There's a lot of people that have put work into making a consistent frame set and they had a cool engineering solution that seems to piecing it all together. Connor, was there any like main innovation you saw out of this or just a really nice clean structure of kind of what video making could look like?
Conner: I think honestly it was just a very clean structure and especially very clean outputs of what you can actually get. Most demos we've seen so far are very research intensive and have great possibility, but in the end aren't something you will actually watch this. They put videos on their site, they put videos on Twitter that look like Real South Park episodes.
You watch them and I'm like, this is maybe not the quality of like a script or like dialogue or audio of South Park episode or whatever, but. It looks like one, and it sounds like one to someone who hasn't seen the show before, so they engineered very well. Yeah,
Ethan: Yeah. It just seemed to be pieced together.
Interesting far. Was there anything that stood out to you that you're like, wow, I haven't really seen someone do this or this, or maybe something interesting in the paper, or just really kind of a clean way to stitch everything?
Farb: It's incredibly ambitious. You're not gonna get a, you know, zero shot television show, uh, today.
Uh, it, it's probably a while before that. I, I applaud them for their ambition, for what they're going for here, which is, you know, pretty comprehensive, uh, output. So if this is their first, you know, version of it, then I'm pretty bullish on what their subsequent versions are gonna be like. Kudos to them.
Ethan: Keep it up. Absolutely. Well, as always, what else are y'all seeing? Farb?

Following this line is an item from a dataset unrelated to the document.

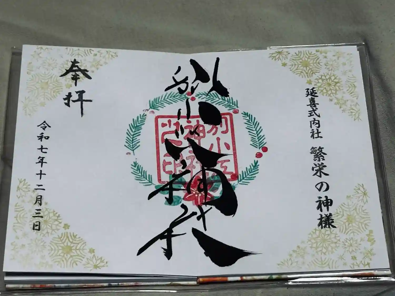 事前お預けです。御朱印帳必要です

Farb: I found out that you can access GPT4 32k on Poe, and that's pretty flipping cool if you know, it's, it's uh, you gotta be a subscriber, you gotta pay. But the fact that you can get your hands on, I mean, I feel like nobody's really talking about this, and most people I think, don't even think you can use GPT4 32k, uh, anywhere right now.
But seems like if you get yourself up on po, you'll. You'll have it right in the iPhone app.

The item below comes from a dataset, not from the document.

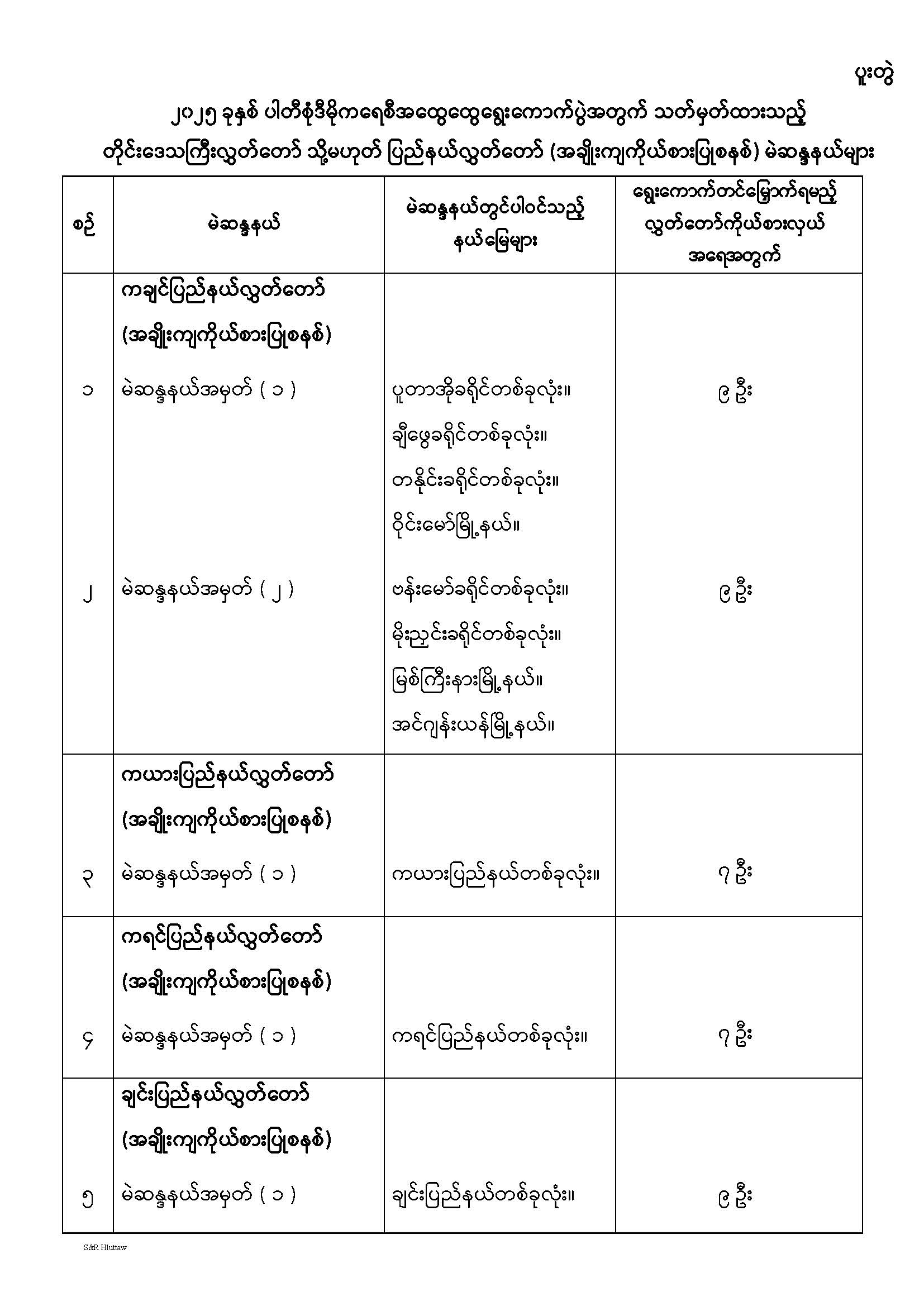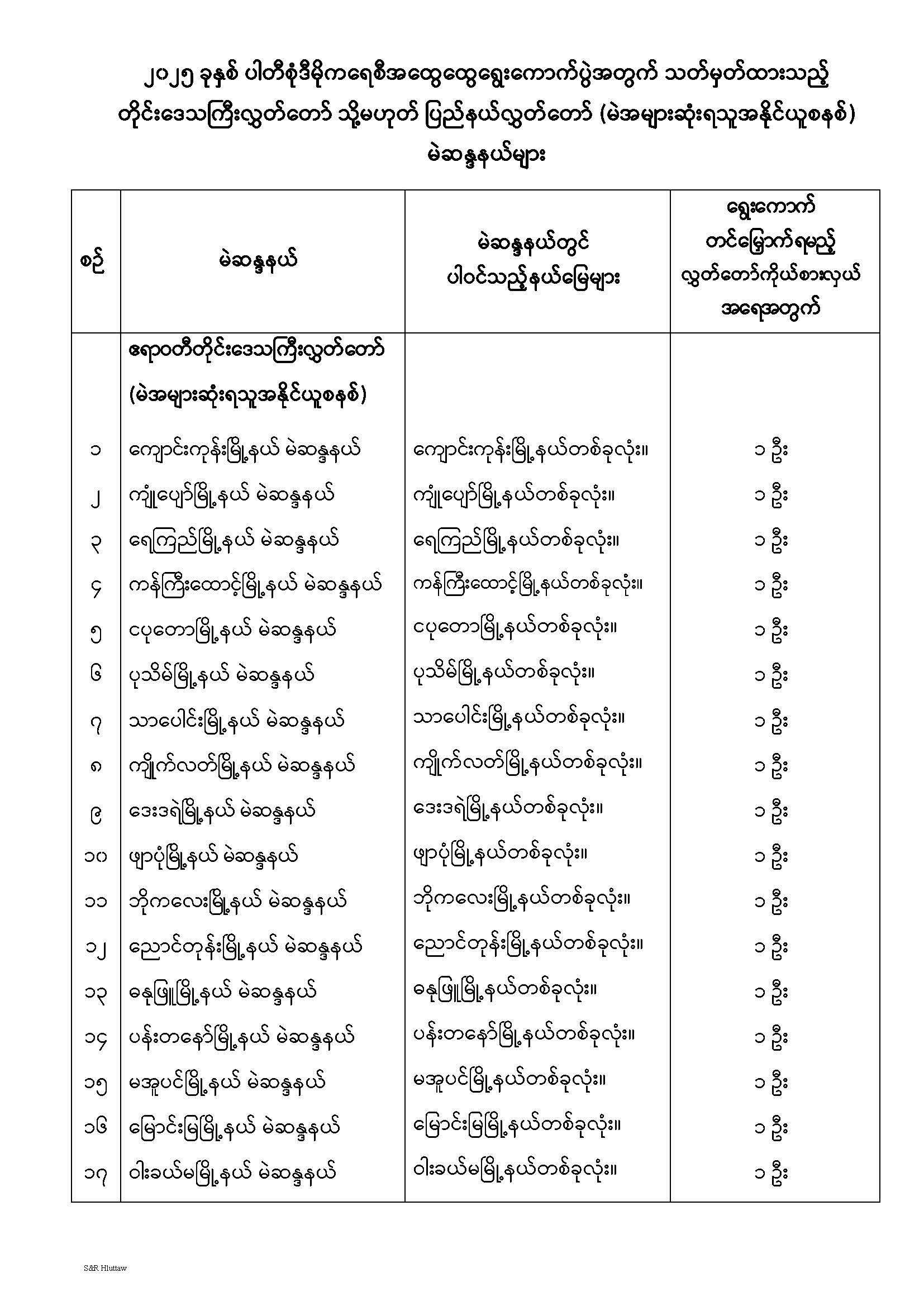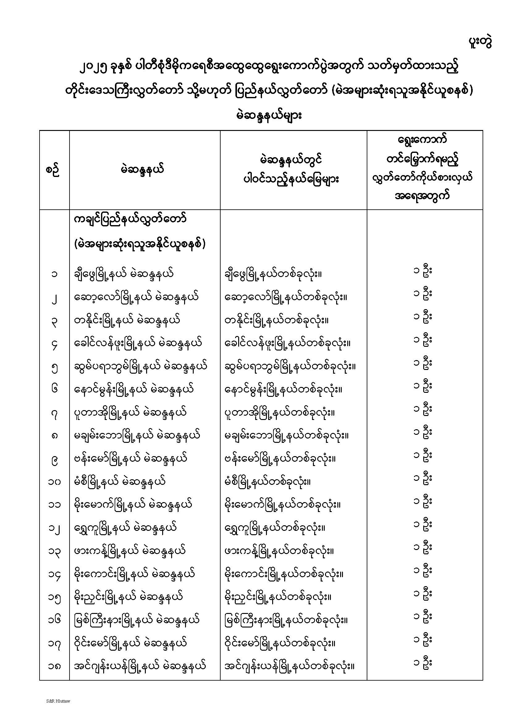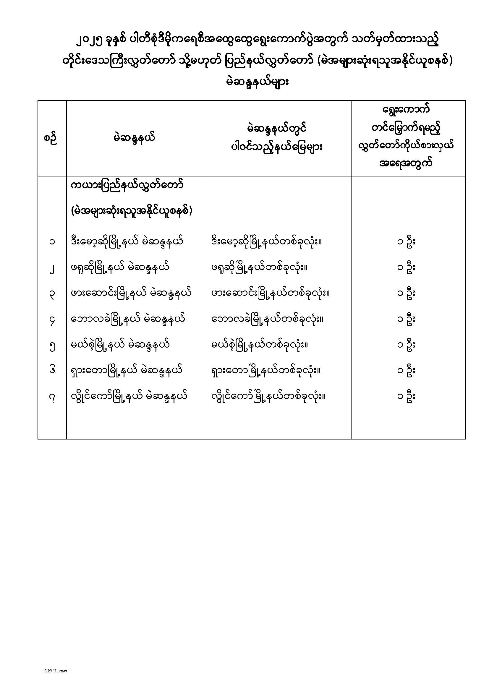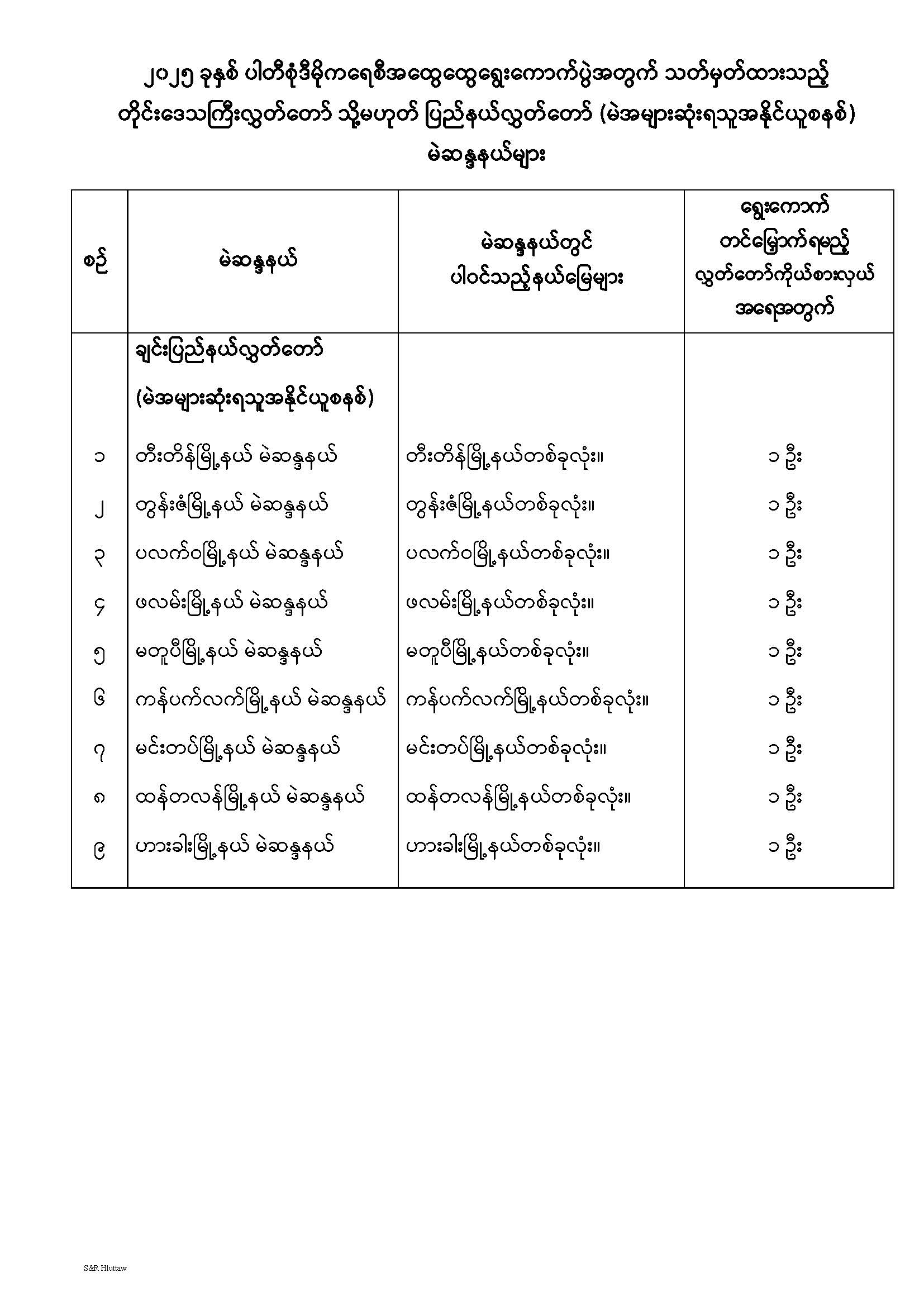 တိုင်းဒေသကြီးလွှတ်တော် သို့မဟုတ် ပြည်နယ်လွှတ်တော် မဲဆန္ဒနယ်များ သတ်မှတ်ကြေညာခြင်း

Conner: It's pretty awesome. Is that, is that new? Is that like, is this like today you're the first user of it or what?
Farb: You know, it's kind of, you know, until you start using it, it's buried under the more section of more models.
Right. So don't know when it hit, to be honest. But, you know, I think once you start using it, it kind of comes up into the, the top of your experience. Uh, but I don't remember hearing anything about it.

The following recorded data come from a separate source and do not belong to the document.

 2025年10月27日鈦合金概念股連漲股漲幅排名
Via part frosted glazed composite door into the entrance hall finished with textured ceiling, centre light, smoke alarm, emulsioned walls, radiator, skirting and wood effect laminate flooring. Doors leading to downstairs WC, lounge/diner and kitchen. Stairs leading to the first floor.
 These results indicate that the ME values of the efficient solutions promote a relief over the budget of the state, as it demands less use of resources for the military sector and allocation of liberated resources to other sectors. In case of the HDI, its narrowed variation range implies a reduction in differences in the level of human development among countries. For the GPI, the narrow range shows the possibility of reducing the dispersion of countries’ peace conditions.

Ethan: Wow. Well, if Open AI didn't give it to you on the playground, you better hurry before rate limits hit you.
But super cool. Yeah, Conner?
Conner: Yeah, I saw Perplexity of course, we're always big fans. Perplexity their whole copilot, search everything. Very well built platform. But yeah, they made a demo with Llama 7B chat and it's very fast. It's like ly fast. Like as soon as you hit enter, boom, spits out an entire massive paragraph.
Um, but part of that I did notice llama like. Maybe it's just a fine tuning of the chat. Maybe it's just this implementation by perplexity, but llama like rambles on a lot and you, even if you tell it to talk less, it'll continue doing that. So it's interesting.
Ethan: Super cool. Yeah, I saw a, a really cool tweet from Justin Alvey.
He jailbroke a Google Home mini and pretty much was able to connect it to the cloud, but their own LLM put a new voice on it and it kind of paints you the picture of, you have these big companies, shipping Siri, you have this big company shipping Google Assistant. They're also monotone. They're all the same.
What does the world look like if people have differentiated versions? So really cool hack he put together. I think he replaced the whole PCB as well.
Farb: I was gonna say it's a little bit more than a jailbreak there. Exactly. Replaced
Ethan: pcb. Yeah. Yeah. He put some real work into it and got a well-deserved viral tweet out of it.
Um, so super cool to him. We'll link it below, check it out. But as always, thank you guys for tuning into AI Daily and we will see you again tomorrow.